The Great Flavoured Gin Debate: Innovation, Opportunism, and the Soul of a Spirit

There is a photograph, taken in a supermarket in Nottingham in 2019, that circulated widely among gin professionals. It shows an aisle — an entire aisle — dedicated to flavoured gin. Pink gin, rhubarb and ginger gin, blood orange gin, parma violet gin, candy floss gin, unicorn gin (yes, unicorn gin), and something called "shimmer gin" that contained edible glitter. The photograph was shared with reactions ranging from delight to horror, depending on whom you asked. It remains, for better or worse, one of the defining images of the modern gin boom.

Flavoured gin is the most contentious topic in the spirits world. It has brought millions of new drinkers to gin, generated billions of pounds in revenue, and introduced a level of creativity (or, critics would say, absurdity) that the category has never seen before. It has also, according to its detractors, cheapened gin's reputation, confused consumers about what gin actually is, and allowed a flood of poorly made products to trade on the goodwill built by centuries of craft distilling.
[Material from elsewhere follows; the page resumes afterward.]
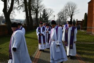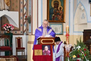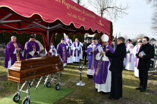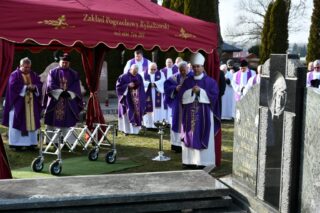 Ponad czterdziestu kapłanów, rodzina, przyjaciele, bliscy, byli parafianie żegnali zmarłego Kapłana. Jego wolą było, aby po śmierci spocząć na cmentarzu w rodzinnej parafii. Słowo wprowadzenie skierował miejscowy proboszcz ks. Bogusław Wasilewski.
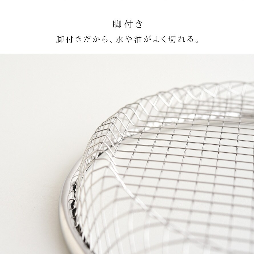 ご自宅のいつものお皿の上に乗せて使うことで、から揚げやてんぷらなどの油切りに使えるバットに早変わりする『お皿のためのざる』です。

Both sides have a point. The truth, as usual, is complicated.

What is Flavoured Gin?

The term covers a spectrum. At one end are gins that incorporate unconventional botanicals into the distillation process — Hendrick's with its cucumber and rose, for example, or Whitley Neill Rhubarb & Ginger, which redistils grain spirit with rhubarb root and ginger alongside traditional botanicals. These are, by any reasonable standard, properly made gins that happen to use unusual flavourings.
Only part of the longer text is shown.